2020 tech boom could be new dot-com bubble
Despite the US tech stocks dominating the market during the COVID-19 pandemic, the valuations are unlikely to be sustainable.
Ned Bell, chief investment officer at Bell Asset Management, said the speculative frenzy in the US tech sector was the dominant theme in August.
“While the FAANG stocks have been strong performers for several years, the recent performance has been quite staggering as speculators have pushed a handful of large tech names higher and higher,” Bell said.
“To some degree, we would suggest the current market frenzy is somewhat akin to the speculative investor behaviour of the late ‘90s that culminated in the dot-com boom and bust.
“While the IT giants are far more robust now, the current manic speculation does bare some resemblances to the late ‘90s when valuations were considered irrelevant, profitability wasn’t much of a consideration, thematics were king and momentum fed on itself.”

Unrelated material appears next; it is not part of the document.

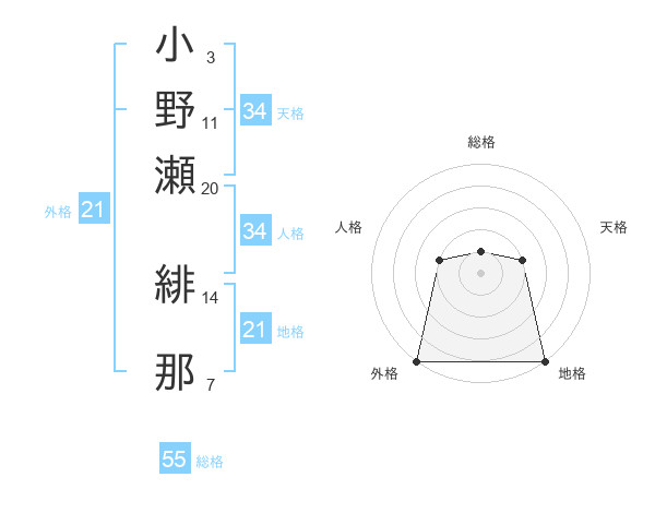 小野瀬 緋那さんを姓名の画数から五運を鑑定

However, Bell said the recent performance of the big tech names was unsustainable and their valuations have become well and truly disconnected from their fundamentals.
Additionally, when looking beyond the FAANG stocks, he said the trajectory of the post COVID-19 economic recovery remained clouded.
“The economic pain inflicted by the pandemic has been extreme and doesn’t intuitively seem to be priced into equity markets at current levels,” Bell said.
“While we expect an eventual solid earnings recovery from global corporates, the current expectations implied by sell side consensus seems overly optimistic.
“While the market seemed to applaud the fact that most companies managed to beat materially lower earnings estimates – what seemed to be lost was the increasingly cautious outlook statements from many corporates.”
Bell also acknowledged the global small/mid cap sector had lagged behind the broader market.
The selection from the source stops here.